Доктор и лейтенант пробираются под палящим зноем сквозь толпу вооруженных людей, заполнивших главную улицу Краманецка. Солнце клонится к закату, теперь земля и камни отдают накопленное тепло. У доктора снова запотели очки, по щекам лейтенанта струится пот.
Дома в центре города реквизированы вермахтом. Военные грузовики стоят впритык один к другому с разинутыми капотами, словно измученные жаждой чудища из снов. Везде, где можно укрыться в тени, кучками собрались солдаты. Они повытаскивали из домов столы, кресла, диваны и теперь играют в карты посреди улицы или крепко спят, раскрыв рты, под сенью сорванных с окон тяжелых штор. Лежащие и сидящие скучающие солдаты ловят малейшие сквознячки, стараются укрыться от жары в тенистых переулках или подворотнях. Кто-то вытащил из дома рояль, и теперь он, заваленный пустыми бутылками, торчит посреди площади. Почти все люди по пояс голые. Их выдубленные солнцем лица кажутся вырезанными из картона. Солдаты ждут приказа продолжать наступление.
Они и не глядят на лейтенанта Морица и доктора Лафонтена, решивших в этом безрадостном затишье прогуляться до леса. В нос шибают запахи бензина, горелой резины, разогретой отработанной смазки, прокисшего супа.
Дружба между молодым врачом Артуром Лафонтеном и Вальтером Морицем зародилась несколько месяцев назад, во Франции. Оба были родом из маленького городка Кельштайна и, друг друга смутно припомнив, заговорили о родных краях и тамошних людях. Мориц вспоминал Кельштайн с простодушным удовольствием, Лафонтен – отрешенно, как человек, не желающий иметь никаких корней. Они во всем совершенно разные: Лафонтен, потомок старинного гугенотского рода, скорее гордится своей явственно французской фамилией и мечтает обосноваться в Мюнхене, где война застигла его студентом медицинского факультета, Мориц до того, как его мобилизовали и отправили во Францию, собирался взять в свои руки управление отцовской лесопилкой в Кельштайне.
Двух этих совершенно непохожих людей связывала сдержанная, но крепкая дружба – на войне, где порой чувствуешь беспредельное одиночество и опустошенность, между людьми, которые в мирное время ни за что не стали бы встречаться, проявляется более глубокое, незаметное на первый взгляд родство. Военная дружба. Мужская тесная дружба. Эти странные отношения, непонятные женщинам и тем, кто не был на войне, не имеют ничего общего с «братством по оружию». Эту связь рождают молчаливое уважение и воспоминания о том, какими люди увидели друг друга, когда смерть была близка. Лицо и тело человека в минуту, когда его вот-вот могли убить, когда сам он готовился убивать, когда другие умирали у него на глазах – такое не забывается. Когда-то позже все же забывается, но дружба остается. Неприкрашенное и исключительно мужское одиночество. Мгновения, о которых невозможно рассказать, они не имеют ничего общего с бархатной мягкостью повседневной жизни, счастливой жизни, оставшейся позади, вечно манящей и навеки утраченной, – пусть даже потом, когда худшее останется позади, ты, уцелевший, станешь притворяться, будто вернулся туда же, откуда ушел, и все с тем же наслаждением ласкаешь этот облысевший, вытертый бархат.

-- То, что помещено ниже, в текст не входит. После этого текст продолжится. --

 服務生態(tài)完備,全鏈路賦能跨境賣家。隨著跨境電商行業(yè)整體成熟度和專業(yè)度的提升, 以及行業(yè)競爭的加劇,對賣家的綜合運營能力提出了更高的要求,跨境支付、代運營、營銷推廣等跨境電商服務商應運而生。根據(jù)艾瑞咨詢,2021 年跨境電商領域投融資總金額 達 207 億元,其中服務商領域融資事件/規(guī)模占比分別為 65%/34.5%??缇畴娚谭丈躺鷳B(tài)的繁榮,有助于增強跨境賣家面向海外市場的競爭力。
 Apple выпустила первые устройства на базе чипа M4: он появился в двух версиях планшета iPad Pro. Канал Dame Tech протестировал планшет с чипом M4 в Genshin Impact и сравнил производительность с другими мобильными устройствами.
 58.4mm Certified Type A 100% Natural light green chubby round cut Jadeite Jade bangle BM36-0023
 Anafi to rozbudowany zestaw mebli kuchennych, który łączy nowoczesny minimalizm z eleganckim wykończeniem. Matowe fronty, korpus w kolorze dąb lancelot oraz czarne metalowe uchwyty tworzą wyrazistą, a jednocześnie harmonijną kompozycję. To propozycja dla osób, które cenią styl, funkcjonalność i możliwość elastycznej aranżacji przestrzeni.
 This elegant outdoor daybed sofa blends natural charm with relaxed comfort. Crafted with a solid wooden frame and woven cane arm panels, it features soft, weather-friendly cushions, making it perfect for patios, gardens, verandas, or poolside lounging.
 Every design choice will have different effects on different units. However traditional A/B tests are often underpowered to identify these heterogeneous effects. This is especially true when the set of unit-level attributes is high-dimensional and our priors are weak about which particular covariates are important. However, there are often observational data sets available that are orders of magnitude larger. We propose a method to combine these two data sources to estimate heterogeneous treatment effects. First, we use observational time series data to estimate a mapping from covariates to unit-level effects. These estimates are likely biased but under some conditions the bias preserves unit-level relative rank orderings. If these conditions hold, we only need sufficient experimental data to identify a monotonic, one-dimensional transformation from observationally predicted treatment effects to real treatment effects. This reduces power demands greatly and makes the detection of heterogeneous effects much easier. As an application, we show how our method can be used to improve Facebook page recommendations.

Сейчас два друга идут по Краманецку, Кельштайн далеко. Им незачем вспоминать о родной долине и поросших лесом горах, незачем говорить о снежных зимах и уж тем более – о традиционных походах к Черному озеру летними воскресными днями, когда жара становится нестерпимой. Однако этим душным русским вечером они не могут не думать о Черном озере. Каждый видит перед собой крутую тропинку, по которой надо взбираться пешком, с рюкзаком на спине, чтобы ступить потом на сумрачную лесную дорогу, выйти на поляну к роднику с чистой, прохладной водой, заполняющей выдолбленный ствол… Но идут-то они сейчас по России, и кругом война!
Город невелик, и вскоре они выходят на окраину с низенькими бедными домами – какими же непрочными кажутся эти мазанки рядом с танками! Один из танкистов уснул в тени башни. Усталый патруль бредет в расположение части, солдаты, которым нечем заняться, дремлют где придется.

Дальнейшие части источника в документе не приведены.